Ребята остановились, вскинув винтовки. В моем нагане нет больше патронов: после вчерашних выстрелов я забыл его снова зарядить. Но ничего, дело поправимое. Я на бегу опускаю руку в валенок, чтобы выудить из него мой трофейный браунинг.
Чорта с два! Браунинг за что-то зацепился, и его никак невозможно вытащить.
Я уже вплотную у сарая.
У самой стены сарая лежат в поленнице дрова. Я подбегаю к поленнице, хватаю небольшое, но занозистое полено. Я кричу громко, изо всей силы, чтобы слыхали в сарае:
— Товарищи курсанты, отойдите подальше, я бросаю в сарай гранату!
Изо всей силы мечу в дыру сарая это полено и подскакиваю сразу к двери.
Занозы остаются в ладони.
Умный Лейно рядом со мной.
Дверь быстро распахивается, и с маузером в руке выскакивает рыжий детина. Но, почувствовав у своего виска дуло моего, чорт возьми, незаряженного нагана, по моему окрику быстро бросает маузер на снег.
За фельдфебелем выскакивает второй лахтарь. Его принимает Лейно. Я передаю бородача подошедшему курсанту и, стреляя из маузера в темноту сарая, кричу:
— Бросайте оружие, выходите на свет, жизнь будет сохранена!
И, лишенные своего командира, один за другим выскочили испуганные лахтари из своего убежища.
Так первая часть нашей работы проведена была чисто.
Одиннадцать пленных, горячий маузер в руке, три револьвера — для одного боя более чем достаточно.
* * *
От нашего сарая видна была церковь с колокольней.
Звон прекратился.
Из церкви выскакивают белые, многие из них вооружены. Некоторые из них вскидывают винтовки к плечу и стреляют в сторону берега.
— Яскелайнен, — говорю я товарищу, — пулеметный огонь! Направление — храм божий!
Яскелайнен застрекотал на своей швейной машинке.
Лахтери, беспорядочно отстреливаясь, рассеялись.
— Вперед, ребята!
У сарая остался один караулить пленных.
Пять человек бежали за мной.
Площадь перед церковью была уже пуста. Но не успели мы добежать до нее, как из-за изб и изгородей справа выскочил товарищ Суси с группой курсантов.
Хейконен шел впереди.
«Вперед!» — крикнул он, и мы побежали вперед.
Мы находились на краю мыса. Остальная часть деревни — как раз та, где находился штаб, — лежала перед нами на северном берегу озера метрах в двухстах — двухстах пятидесяти от нас. Мы выбежали на лед. На другом берегу бегали, суетясь, лахтари. Два человека в финской офицерской форме распоряжались всем. Один налаживал пулемет.
— Так-то вы встречаете помощь из Финляндии! — закричал товарищ Хейконен.
И вдруг в тылу белых, с запада, раздались выстрелы, сначала разрозненные, а затем правильно организованные. Это начал наступление, едва успев занять назначенное ему исходное положение, Карьялайнен со своей второй ротой.
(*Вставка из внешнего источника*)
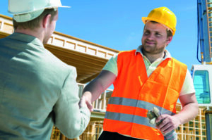 Architect and construction worker shaking hands.
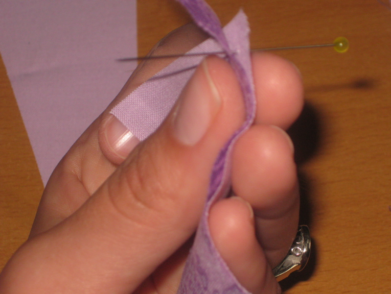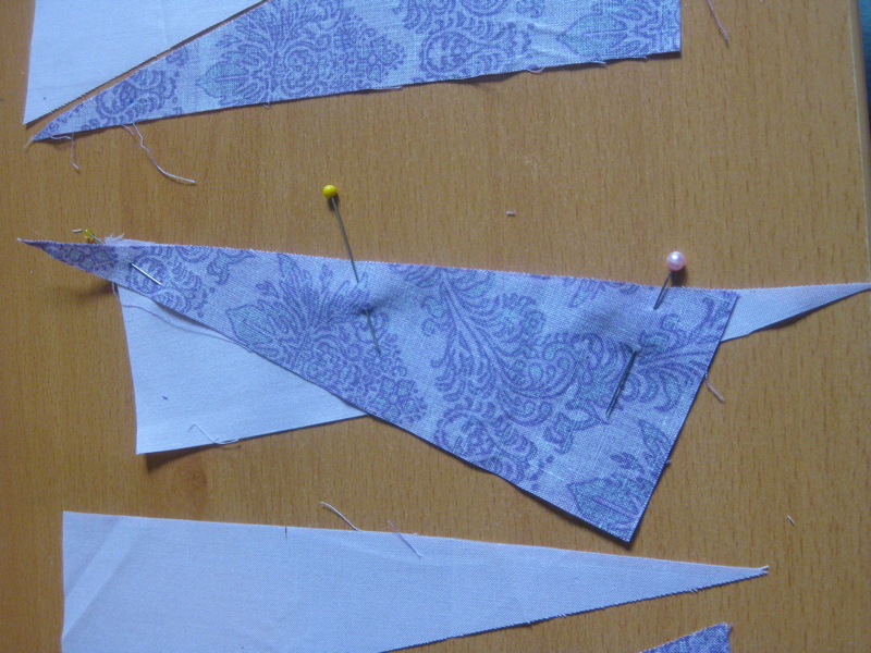 6. Pin the triangles together, keeping a pin in that marked spot, and aligning the long edges together to the best of your abilities:
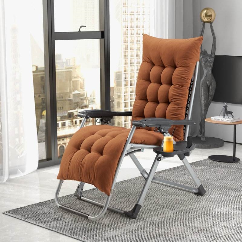 Get summer ready with this Plush Brown Folding Zero Gravity Recliner w/ Removable Cushion. Select the optimal angle that brings ultimate comfort and relaxation. Convenient to lay back for a nap when lounge recline flat, or have a great reading time when. 3.7 inch thick cushions. Covered with strong synthetic fibers, breathable and quick-drying. This reclining lounge chair is constructed of rust and weather resistant thickened carbon steel tube, UV-resistant, 800D Premium Textile Fabric, widened seat, can support up to 440lbs.
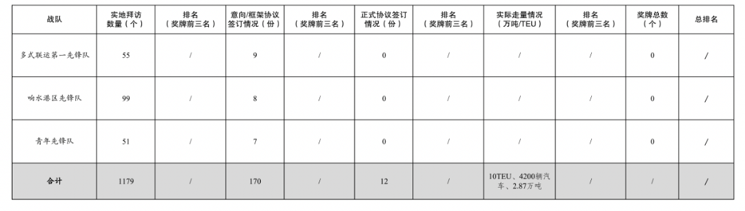 活動開展以來,累計拜訪客戶數(shù)量1179家,簽訂意向/框架協(xié)議數(shù)量170份,簽訂正式協(xié)議12份,實際走量10TEU、4200輛汽車、2.87萬噸。
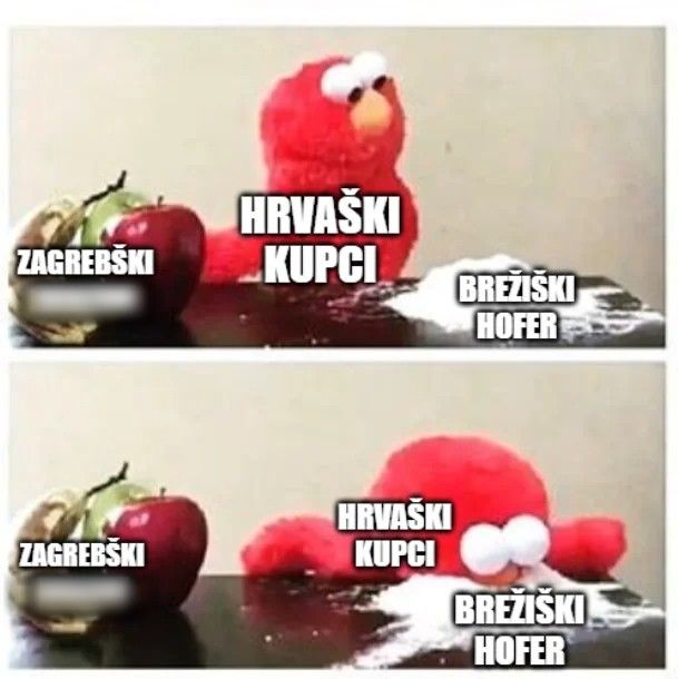 Jedan od popularnih memova prikazuje lik Elma iz Ulice Sezam kako bira brežički Hofer umjesto jednog poznatog hrvatskog trgovačkog lanca. Dan kasnije pojavile su se nove šale nakon što su mnogi Hrvati naišli na zatvorena vrata slovenskih trgovina zbog Prešernovog dana, državnog praznika 8. veljače.
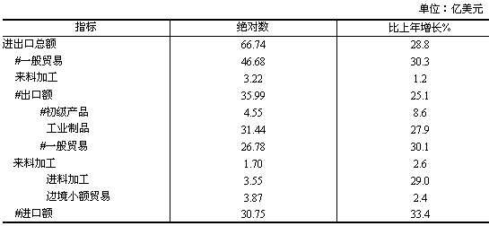 全年外貿(mào)進(jìn)出口總額 66.74億美元,增長(zhǎng)28.8%。其中,出口35.99億美元,增長(zhǎng)25.1%;進(jìn)口30.75億美元,增長(zhǎng)33.4
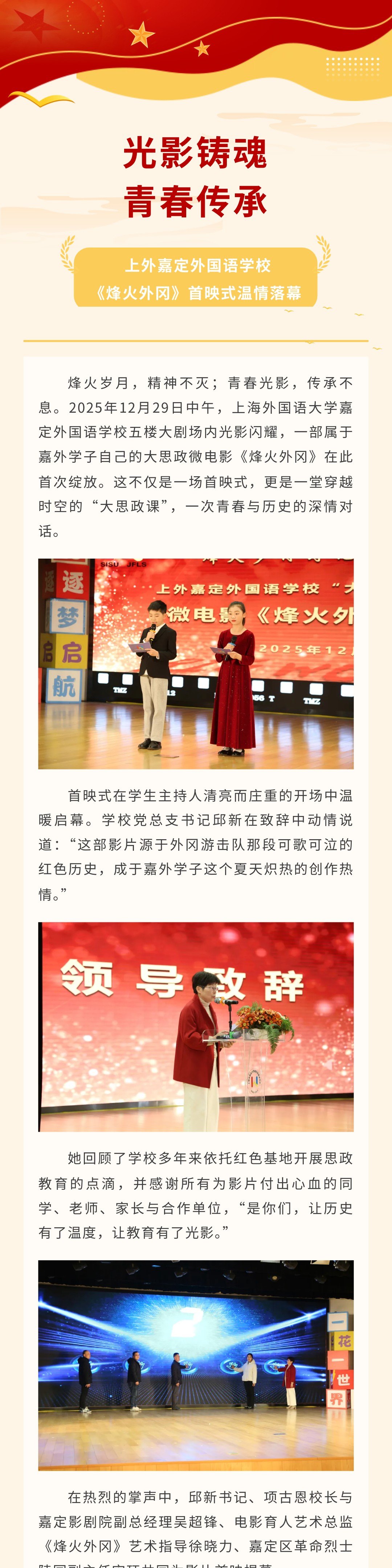 【思政教育】光影铸魂,青春传承 ——上外嘉定外国语学校《烽火外冈》首映式温情落幕

Офицер остановился, прислушался: он, казалось, понял, что мы его обошли. Затем он обернулся и стал быстро уходить на своих лыжах налево, к лесу.
За ним побежал второй офицер и еще несколько.
Я не привык обращаться с маузером, и кроме того у этого револьвера была слишком резкая отдача. Вот почему все три пули пошли «за молоком». Но все же, размахивая разряженным револьвером, громко выкрикивая ругательства, я бежал перед, к двухэтажному дому, над которым развевался белый флаг. Лейно был уже впереди меня.
Я вскочил на крыльцо.
Слева приближались курсанты второй роты; их вел Карьялайнен.
Хейконен быстро шел, отдавая приказания:
— Немедленно крой вперед, вправо! Необходимо перехватить штабистов!
На дверях было написано: «Штаб». У крыльца в нетерпении рыл снег копытом породистый белый жеребец.
Выстрелы прекратились.
— Мы взяли деревню, — сказал мне спокойно, как на вечерней поверке, Хейконен. — Матти, где твой шлем?
И только после этого внезапного вопроса я почувствовал холодок на голове.
Проведя рукой по смерзающимся от выступившего ранее пота волосам, я убедился, что действительно шлема не было.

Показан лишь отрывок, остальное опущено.